18. Methodology as in claim 13 , wherein said resilient patient support includes at least in part resilient support foam received between said air cylinders and a patient supported on said patient support.
19. Methodology as in claim 13 , further comprising providing a cover around said resilient patient support and said three-dimensional spacer fabric area of support with at least one vent through said cover for passage of air therethrough both expelled from said three-dimensional spacer fabric area of support and as drawn therein, or from natural convection.
20. Methodology as in claim 19 , wherein:
said patient support surface is integrated into a mattress system;
said cover comprises a moisture permeable material; and
said three-dimensional spacer fabric area of support comprises an air flow friendly material less than about 1.0 inches thick.
21. Methodology as in claim 20 , wherein said mattress system further includes an integrated sensor system for sensing at least one of temperature, moisture, and pressure of said mattress system.
22. Methodology as in claim 20 , wherein said cover comprises a protective zippered sheath over said mattress system.

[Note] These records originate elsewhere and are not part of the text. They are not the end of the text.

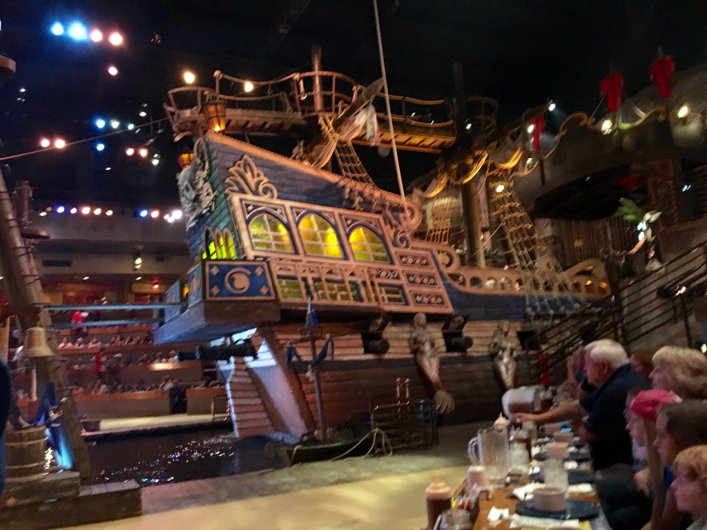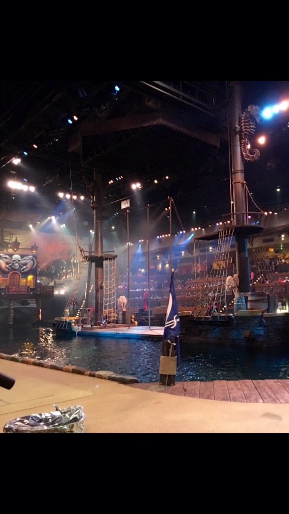 Here is part of the set to the right of the first one. You can see the first row where people are sitting. We were further to the left kind of in between the two parts of the ship. The food was great and the show was amazing.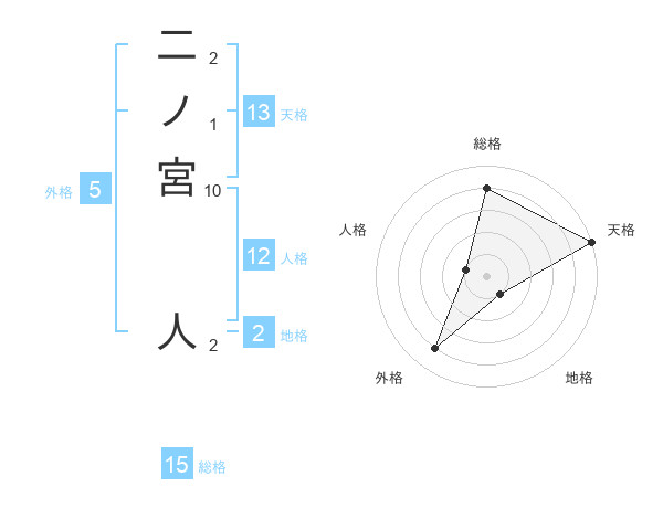 二ノ宮 人さんを姓名の画数から五運を鑑定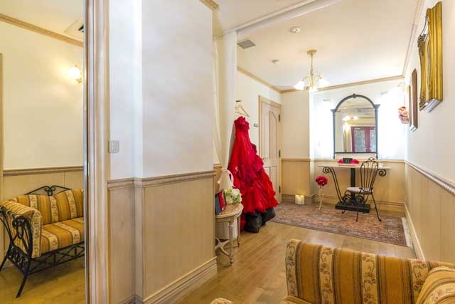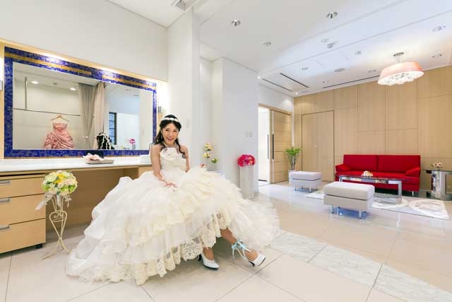 広々としたスペースでドレスチェンジやメイクもゆったりとした雰囲気で過ごせる。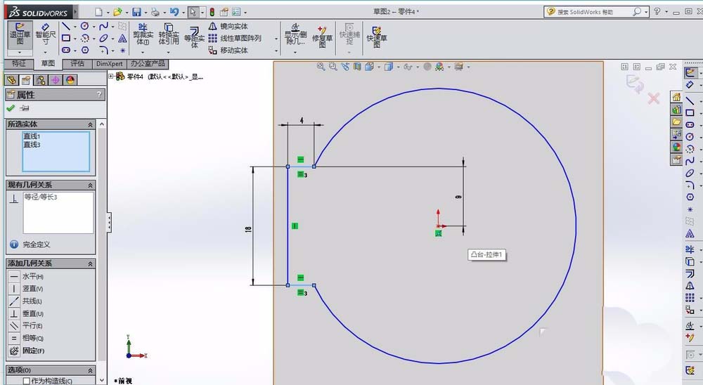 2、在前视图基准面,绘制图形,绘制完毕后,拉伸切除,两侧对称,如下图所示。在上视图绘制一个圆形,拉伸凸台。

23. Methodology as in claim 19 , wherein said plurality of respective air cylinders each include respective resilient internal structures, so that with relatively less patient pressure on a given location of said air cylinders, expansion of such cylinders by their respective resilient internal structures causes air to be drawn back into such cylinders through said at least one vent, through the three-dimensional spacer fabric area of support through the pneumatic interconnection.
24. Methodology as in claim 19 , wherein said plurality of respective air cylinders each have respective generally rectangular cross-sections.Cited by (0)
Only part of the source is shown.